Agri SA’s legal and policy manager Janse Rabie said the proposed regulations would put food security at further risk. “The consequences for food security and the sustainability of the agricultural sector, should these regulations be accepted in their current form, cannot be underestimated. They will have a devastating impact on the sector and its ability to supply the country with food.
“The proposed regulations are considered to be the DWS’ most radical and far-reaching attempt to date to change the demographics of water use in SA,” he said.
“The agriculture and forestry sectors appear to be the primary target … The agricultural sector is responsible for approximately 60% of South Africa’s total water use. The proposed regulations exempt mining companies, the state and state-owned entities, as well as 100% black-owned entities.”
Rabie said the sector and the economy were already reeling under the impact of load shedding, rural crime and deteriorating infrastructure.
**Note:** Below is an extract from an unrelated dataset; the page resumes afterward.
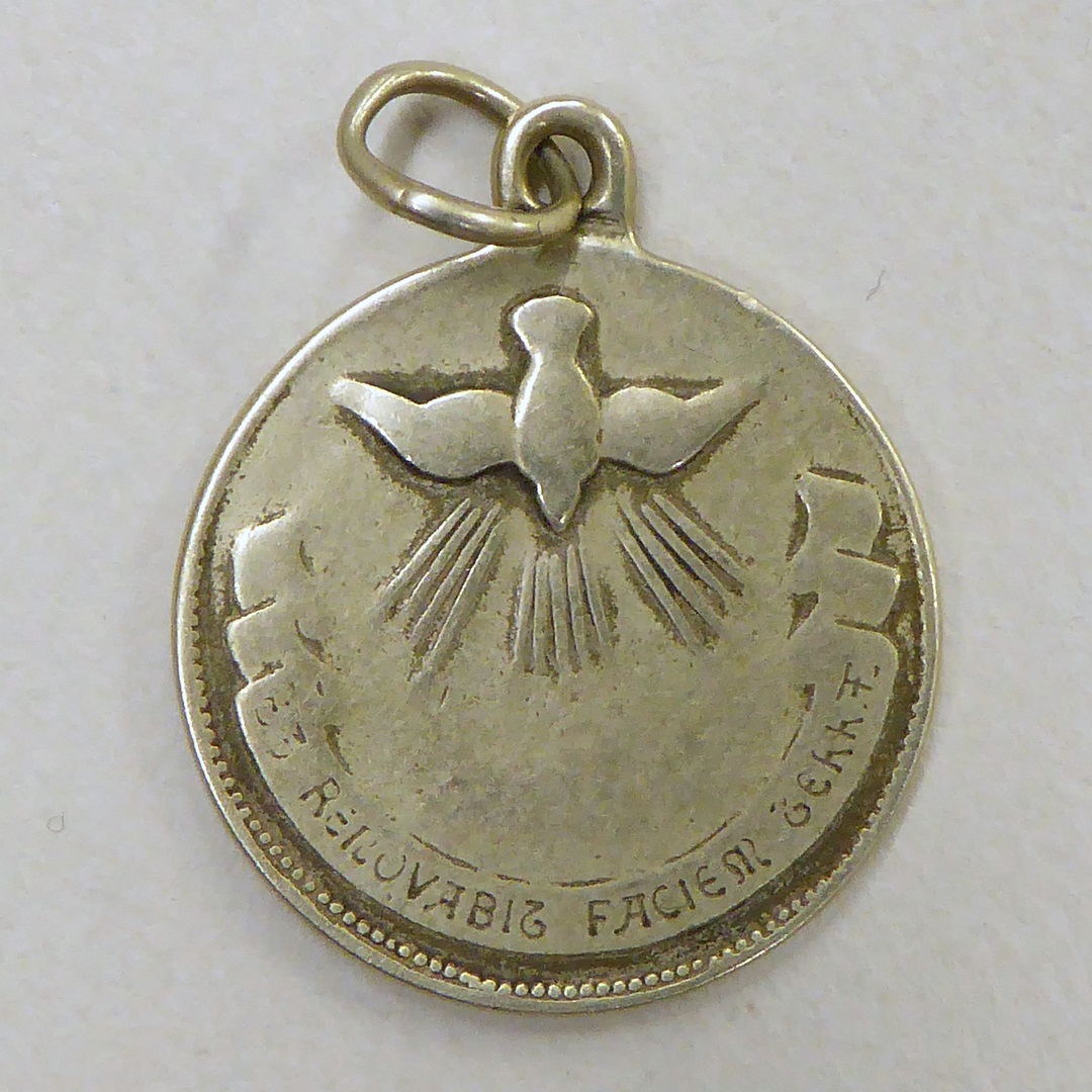 Draagpenning met pinksterwonder, kz. H. Geest, stralenbundel en banderol met tekst

Freedom Front Plus (FF+) spokesperson Wouter Wessels said the proposed quota was a carefully considered strategy to drive white farmers off their land.
“It comes down to expropriation without compensation, seeing as the government now plans to use water as a gun against farmers’ heads, forcing them to hand their property over to black people.” He said the FF+ would do everything in its power to oppose the plan.
“The ANC government has failed miserably with its restitution programme and after 29 years, there are still no natural and successful processes in place to facilitate large-scale black participation in agriculture,” he said.